The United States will be favourites to lift a record fourth Women’s World Cup after the draw for next year’s tournament, as hosts France will play the opening match against South Korea on June 7.
Jill Ellis’ U.S. side, who beat Japan 5-2 in the final to win the 2015 World Cup in Canada, were drawn with Thailand, debutants Chile and 2016 Olympic silver medallists Sweden in Group F on Saturday at a gala event in Paris.
The No. 1-ranked U.S. team landed in the same group with Sweden for the fifth straight World Cup and the sixth time overall.
They will meet for the second time since Sweden eliminated the U.S. in the 2016 Olympic quarterfinals, after which U.S. goalkeeper Hope Solo famously called the Swedes “cowards” for their defensive tactics.
The United States will open the tournament against Thailand in Reims on June 11. Sweden, ranked No. 9 in the world in the latest FIFA rankings, will face their American foes on June 20 in Le Havre in the final group match for both teams.

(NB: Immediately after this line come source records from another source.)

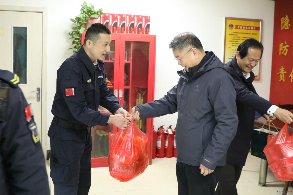新聞網(wǎng)訊 1月29日上午,校長(zhǎng)夏東偉帶隊(duì)看望慰問(wèn)了寒假期間堅(jiān)守工作一線的教職醫(yī)務(wù)員工。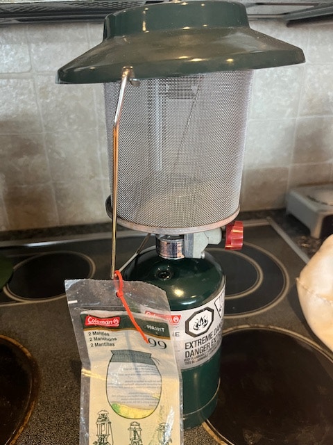 Coleman Propane Lantern with Mesh glass replacement screen (no more broken glass), plus 1 new mantle. Used - Like new. For Sale By: Owner.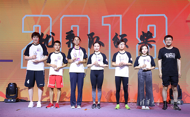 除了颁奖环节,现场还穿插了运动员和现场观众的游戏互动环节,气氛轻松有趣。代表队队员上台给教练献花的环节,温馨感人。当田径制霸旗和篮球冠军旗慢慢升起时,现场凝聚着一股强烈的自豪感,清华体育人强烈的共鸣感油然而生。同时为了即将毕业离校的运动员准备了超长自拍杆,和老师以及奥运冠军们合影留念,给清华体育记忆留下了难忘的一笔。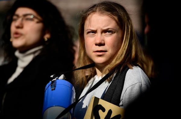 Swedish climate activist Greta Thunberg takes part in a school strike for climate and social justice march in Stockholm on March 25.PAUL WENNERHOLM/AFP/Getty Images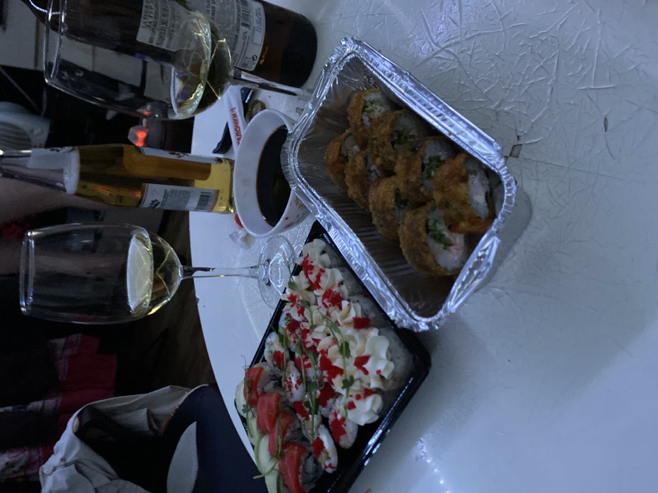 The scene depicts an indoor setting, likely a private residence in Saratov, Russia, centered around a white, textured table surface. On the table, various food items and drinks are arranged. A black plastic takeout tray on the left contains approximately 20 pieces of sushi or rolls, featuring two distinct types: one with reddish-pink fish slices and green garnishes, and another with white creamy topping, red roe, and small green sprouts. Adjacent to this, in the lower right, an aluminum foil takeout container holds eight pieces of deep-fried or breaded sushi rolls, exhibiting a golden-brown crust and visible green and white fillings. Two clear stemmed wine glasses, each partially filled with a pale yellow liquid (white wine), are positioned towards the upper part of the table. Between them, an upright brown glass beer bottle, labeled "Krone," also containing a pale yellow liquid, is visible. A second, partially obscured brown beer bottle is on the far right. A small white ceramic bowl containing dark brown soy sauce is located centrally. A pair of white disposable chopsticks, still in their paper wrapper with Cyrillic text, rests beside the soy sauce bowl. The background is dark and out of focus, suggesting a low-light environment. No individuals are visible in the image.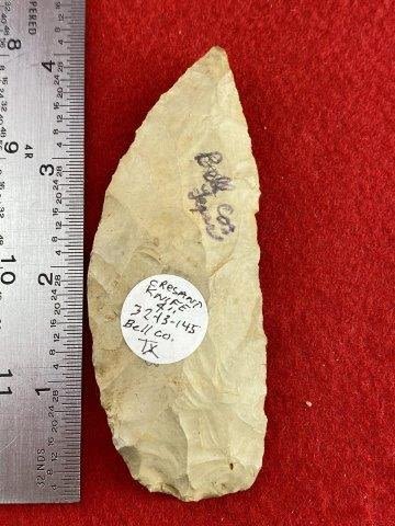 Please see picture for measurement. It is from Bell County Texas. All artifacts came from the great state of Texas. Ex-Warren & Darla Suleske Collection, they are pictured in Who Who’s #12. They have collected wonderful arrowheads & artifacts for over 40 years! KEY WORDS: NATIVE AMERICAN INDIAN ARTIFACT ARTIFACTS ARROWHEAD ARROWHEADS MISSISSIPPIAN QUAPAW CADDO POTTERY COINS

“The draw is good for us, it pits us against a couple of teams that we’re not that familiar with, which I like. And then of course Sweden and I like having Sweden as the third game, I think that allows us to settle in to the tournament,” Ellis told reporters.

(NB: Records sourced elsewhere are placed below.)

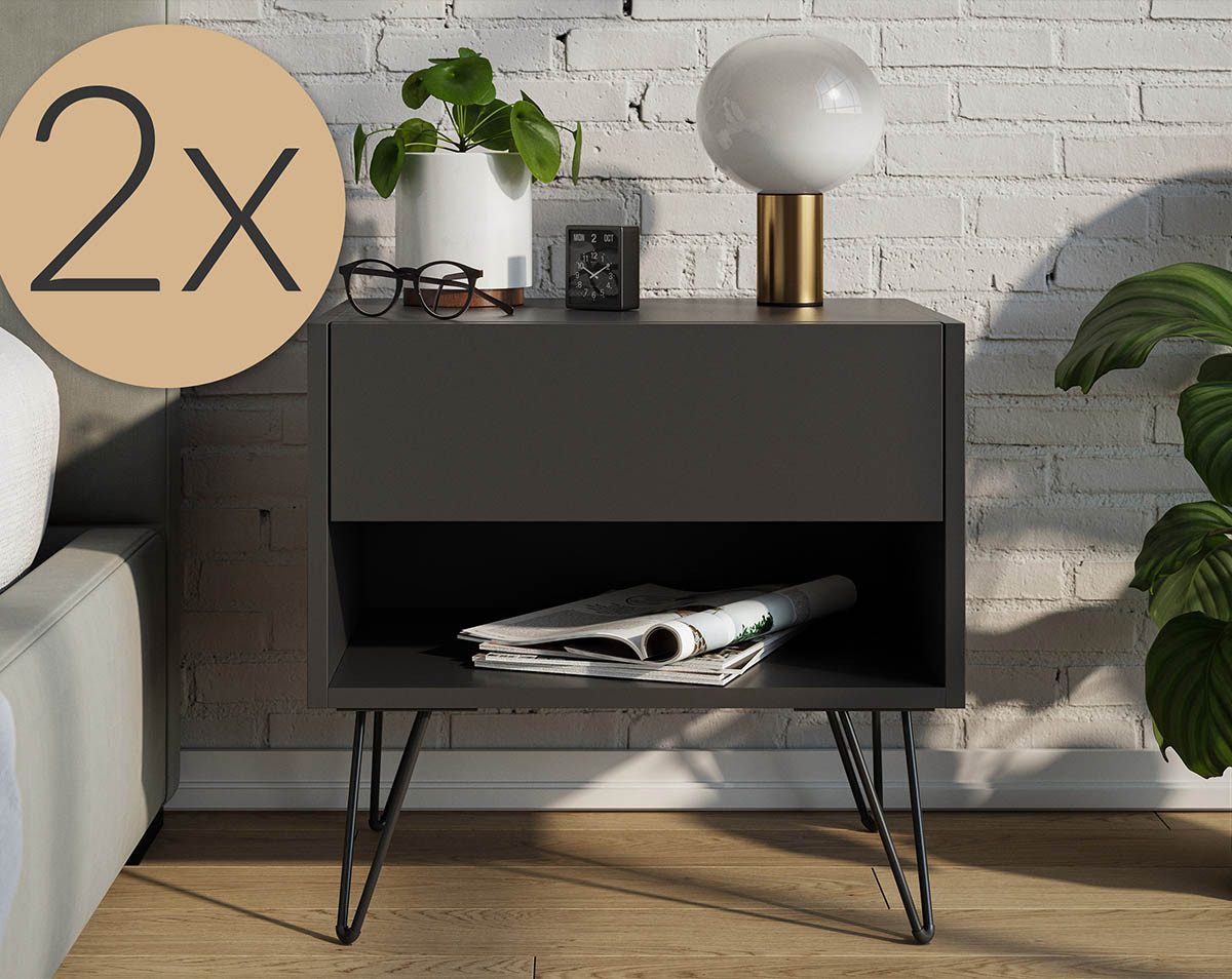 Der Industrial Nachttisch von Posseik kombiniert modernes Design mit praktischer Funktionalität. Die grafitgrauen Softtouch-Fronten verleihen dem Möbelstück eine elegante Optik, während die 20 cm hohen Metallfüße den angesagten Industrial-Stil unterstreichen.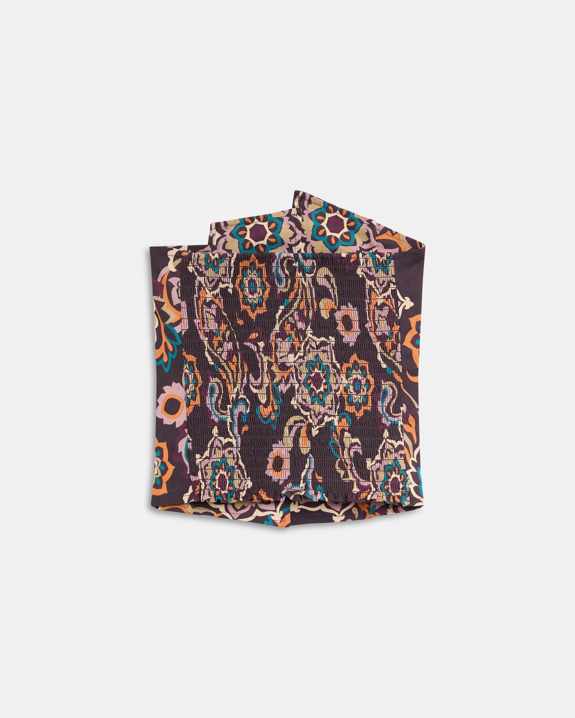 Top tipo corsetero palabra de honor con estampado floral en color morado y detalle de cortes.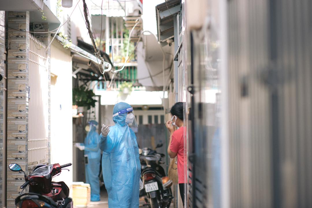 Cô nàng tận tình hướng dẫn người dân trong khu phong tỏa về việc xét nghiệm Covid-19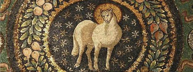 Imagen: "Cordero místico", detalle del mosaico de la basílica de San Vitale en Ravena. (Wikipedia: autor: M.N Boyat / F. Lefebvre)

“This is a completely different team playing a completely different style. So it’s not about defending the World Cup, it’s about attacking the World Cup,” she added when asked about the pressure on the U.S., who have never won the tournament in Europe.
France, who have never gone past the semifinals, will face 1995 champions Norway and Nigeria as well as South Korea in Group A of the eighth edition of the tournament.
Having recorded their best World Cup finish of third in 2015, Phil Neville’s England may find it challenging to repeat that feat after being drawn in Group D with Scotland, Argentina and Japan, who knocked the Lionesses out at the semifinal stage in Canada.
That looks to be the toughest group, bringing a wry smile from draw conductor and former England defender Alex Scott alongside former Manchester United and France striker Louis Saha in Paris’ Seine Musical venue.
“I know Phil Neville is here tonight and I’m sure he’ll be telling his players ‘bronze medal is good, but it’s about turning that bronze medal into a gold one.’ You want to make sure you’re on the podium,” Scott told the packed auditorium including coaches and players from all 24 participating nations.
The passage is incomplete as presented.